_Records for this task_:
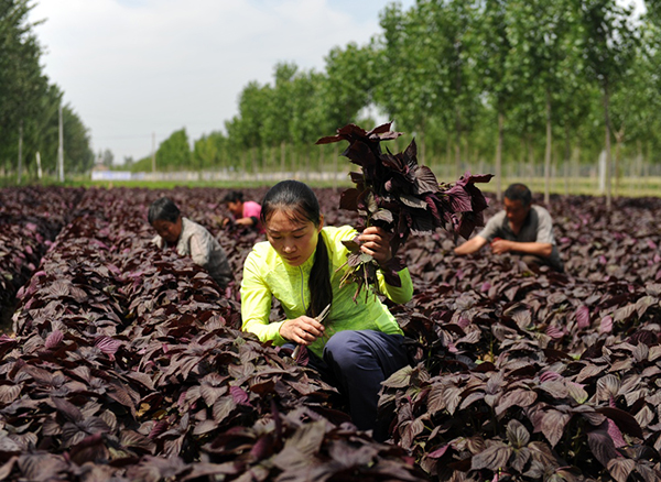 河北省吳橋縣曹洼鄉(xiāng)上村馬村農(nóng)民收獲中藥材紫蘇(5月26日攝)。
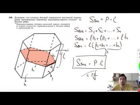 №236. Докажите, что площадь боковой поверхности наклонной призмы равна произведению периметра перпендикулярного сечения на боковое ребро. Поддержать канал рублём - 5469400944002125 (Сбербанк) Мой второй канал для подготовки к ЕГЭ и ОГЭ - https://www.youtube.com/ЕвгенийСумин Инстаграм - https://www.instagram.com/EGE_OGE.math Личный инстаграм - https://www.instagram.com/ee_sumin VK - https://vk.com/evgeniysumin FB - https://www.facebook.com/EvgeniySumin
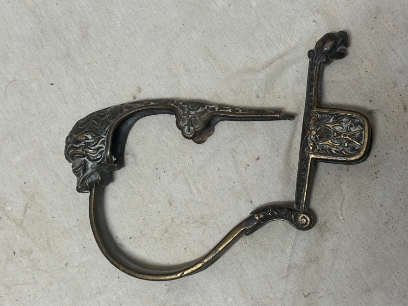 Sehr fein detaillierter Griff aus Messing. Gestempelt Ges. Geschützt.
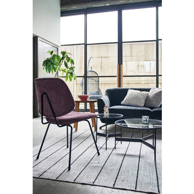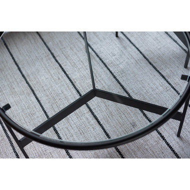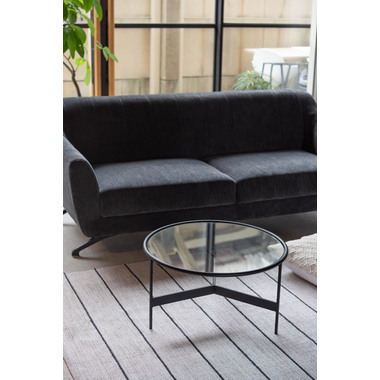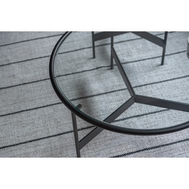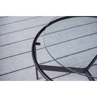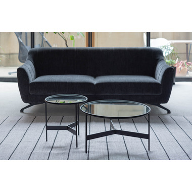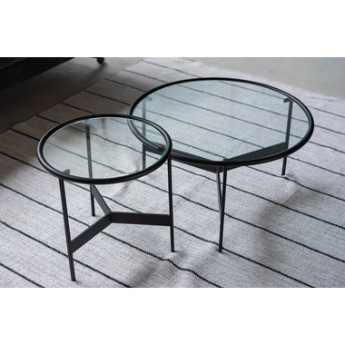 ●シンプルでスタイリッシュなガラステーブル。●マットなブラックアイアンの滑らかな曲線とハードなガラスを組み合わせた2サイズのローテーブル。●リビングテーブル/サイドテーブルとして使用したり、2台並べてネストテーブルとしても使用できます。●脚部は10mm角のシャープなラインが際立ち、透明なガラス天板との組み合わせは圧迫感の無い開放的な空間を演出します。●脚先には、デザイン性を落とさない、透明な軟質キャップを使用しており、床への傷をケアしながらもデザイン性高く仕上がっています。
...
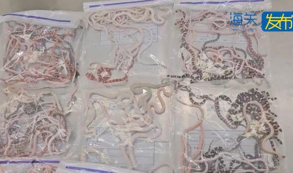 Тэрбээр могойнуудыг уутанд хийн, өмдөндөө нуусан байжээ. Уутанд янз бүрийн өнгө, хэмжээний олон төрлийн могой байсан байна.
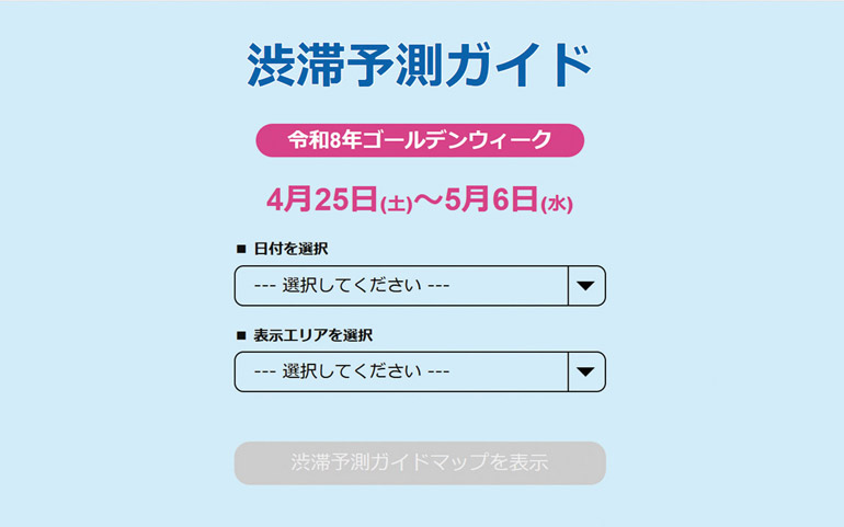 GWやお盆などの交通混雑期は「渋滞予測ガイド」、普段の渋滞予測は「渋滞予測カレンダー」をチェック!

_What needs to be done_:
With the pictures omitted, copy exactly the lines of the listing above starting at the line containing "河北省吳橋縣曹洼鄉(xiān" and ending at the line containing "Sehr fein detaillierter", both included.

_Response box_:
 河北省吳橋縣曹洼鄉(xiāng)上村馬村農(nóng)民收獲中藥材紫蘇(5月26日攝)。
 №236. Докажите, что площадь боковой поверхности наклонной призмы равна произведению периметра перпендикулярного сечения на боковое ребро. Поддержать канал рублём - 5469400944002125 (Сбербанк) Мой второй канал для подготовки к ЕГЭ и ОГЭ - https://www.youtube.com/ЕвгенийСумин Инстаграм - https://www.instagram.com/EGE_OGE.math Личный инстаграм - https://www.instagram.com/ee_sumin VK - https://vk.com/evgeniysumin FB - https://www.facebook.com/EvgeniySumin
 Sehr fein detaillierter Griff aus Messing. Gestempelt Ges. Geschützt.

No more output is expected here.